The film's score and soundtrack are composed by Ghibran and released on Aditya Music label.

 Release Rakshasudu was initially scheduled to release on 18 July 2019, but was pushed to August release. The film was released on 2 August 2019.

 Reception 
 Box office Rakshasudu collected 3.9 Crores gross and 2.3 Crores share worldwide on the opening day. In the first weekend movie collected 8.76 Crores gross and 5.48 Crores share in the Telugu speaking states (Andhra Pradesh & Telangana) and 13.6 Crores gross and 6.8 Crores share worldwide. In the first week movie collected 17.1 Crores gross and 9 Crores share worldwide.

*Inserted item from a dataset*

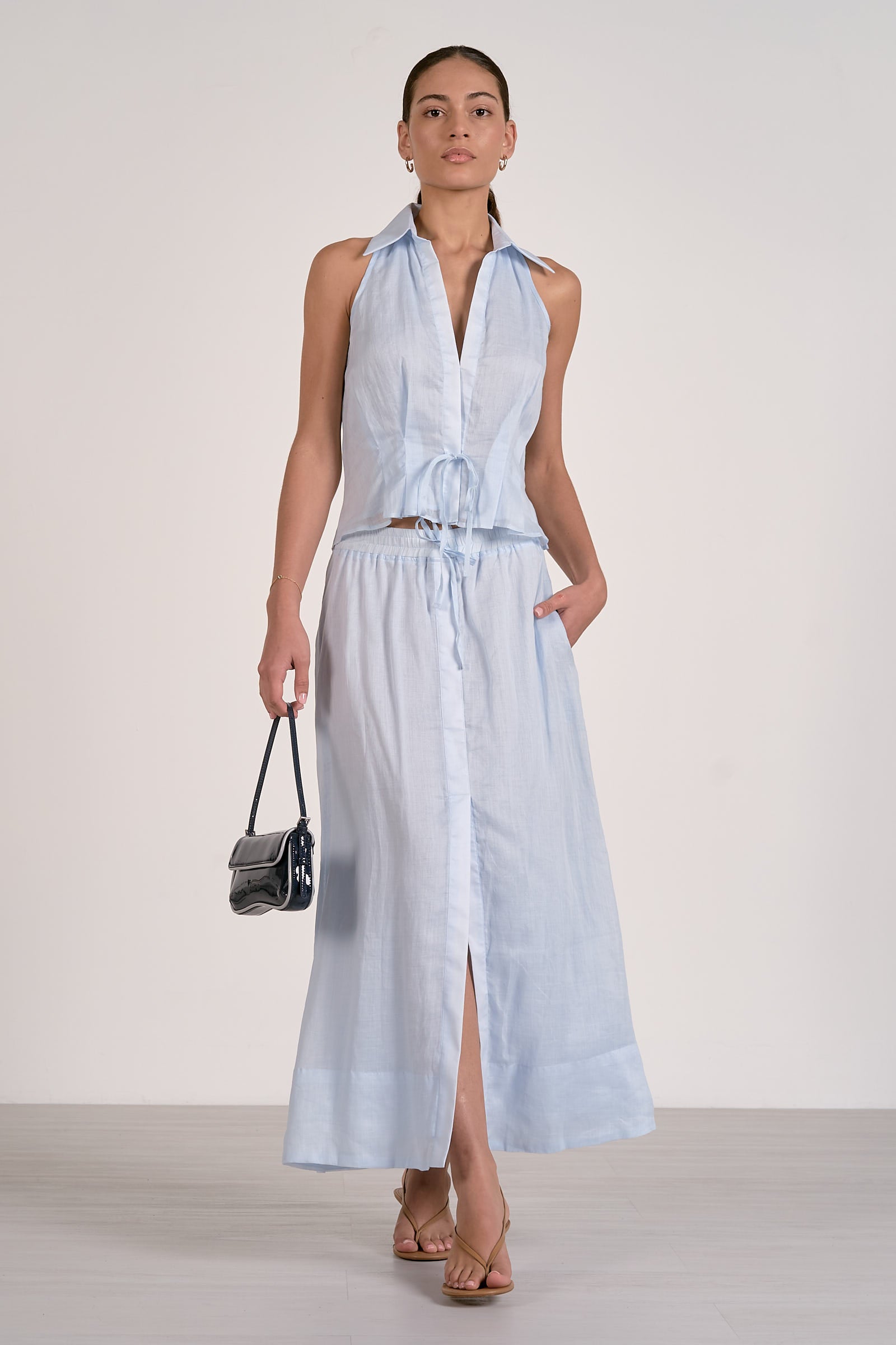 The Sophie Maxi Skirt adds effortless sophistication to your professional wardrobe with its flowing silhouette and strategic slit. Featuring a comfortable elastic waistband for all-day wearability, this piece seamlessly transitions from boardroom to tropical getaway. The maxi length and business-appropriate styling make it ideal for warm-weather work environments, while the relaxed fit and breathable fabric keep you cool and composed. Perfect for professionals seeking polished elegance with a hint of vacation-ready charm.

 Critical response Rakshasudu positive reviews from audiences and critics,The Times of India gave 3.5 out of 5 stars stating "Rakshashudu keeps viewers on the edge of their seats. The screenplay is spot on and adds to the intrigue of watching the film and makes sure the suspense is impactful. Director Ramesh Varma avoids the temptation to over indulge. Bellamkonda puts in one of his best performances till date".Firstpost gave 3.5 out of 5 stars stating, "The biggest strength of Rakshasudu lies in its staging and how well-knit the whole narrative is. Editing by Amar Reddy is another major asset and there is hardly a boring moment in the film. For Sreenivas, film is a major shot in the arm and huge improvement compared to his recent performances".India Today gave 3 out of 5 stars stating "Bellamkonda Sai Sreenivas's Rakshasudu is a frame-to-frame remake of Tamil film Ratsasan. While the cop-thriller shows lazy film-making in parts, it still keeps you engrossed in the proceedings. Ghibran's haunting score, which speaks volumes".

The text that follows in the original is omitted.